Лейтенант Лямин, допрашивавший Антонину, углубился в обсуждение не только её социального происхождения, но и семейной и даже половой жизни, вытащил из уст допрашиваемой рассказ об аборте, сделанном ещё до официального запрета в Советском Союзе такого рода операций, попросил назвать поименно подруг, с которыми Антонина общалась в Свердловске. Протоколы допросов многих десятков молодых женщин подшиты к делу, но ни в одном нет столь пристрастного интереса к подобного рода деталям личной жизни. Это до известной степени даже сбивает с толку: что хотел услышать Лямин? Что он заподозрил? Или заподозрил не он, а его шеф Вершинин, а лейтенант Лямин лишь выполнил поручение и задал вопросы? После того, как были записаны имена подруг жены и друзей мужа, допрос коснулся репетиторства и Лямин предложил назвать всех учеников, бравших у Антонины Булыгиной уроки по классу фортепиано. Покончив и с этим, добрались-таки до Винничевского.

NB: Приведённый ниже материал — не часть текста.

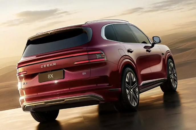 Phía sau, Zeekr 8X được trang bị cụm đèn hậu kéo dài nối liền hai bên, cấu thành từ 54.894 mặt cắt hình kim cương, sử dụng công nghệ ánh sáng đỏ siêu đậm bước sóng 630 nm. Cụm đèn hậu tích hợp dòng chữ Zeekr, trong khi hốc biển số được đặt ở vị trí cao, nhấn mạnh dáng vẻ đồ sộ của xe.

Владимир попал к Антонине по рекомендации другого педагога, занимавшегося с Винничевским ранее. Булыгина согласилась работать с юношей при одном условии – чтобы он приходил к ней домой, а не наоборот. Между домами 600 метров, и учителя, приходящие на дом к ученику, обычно берут большую плату, но Антонина Владимировна ценила свои комфорт и время больше каких-то там копеек. Так что к Винничевским она никогда не ходила.
Услыхав такое, лейтенант Лямин задал довольно неожиданный вопрос: «Как смотрел ваш муж на эти уроки, не было ли на этой почве ссоры, ревности?». Булыгина в ответ заявила, что «муж был не против этого, а наоборот – он этим был доволен, и никогда никаких ссор у меня с ним на этой почве не было».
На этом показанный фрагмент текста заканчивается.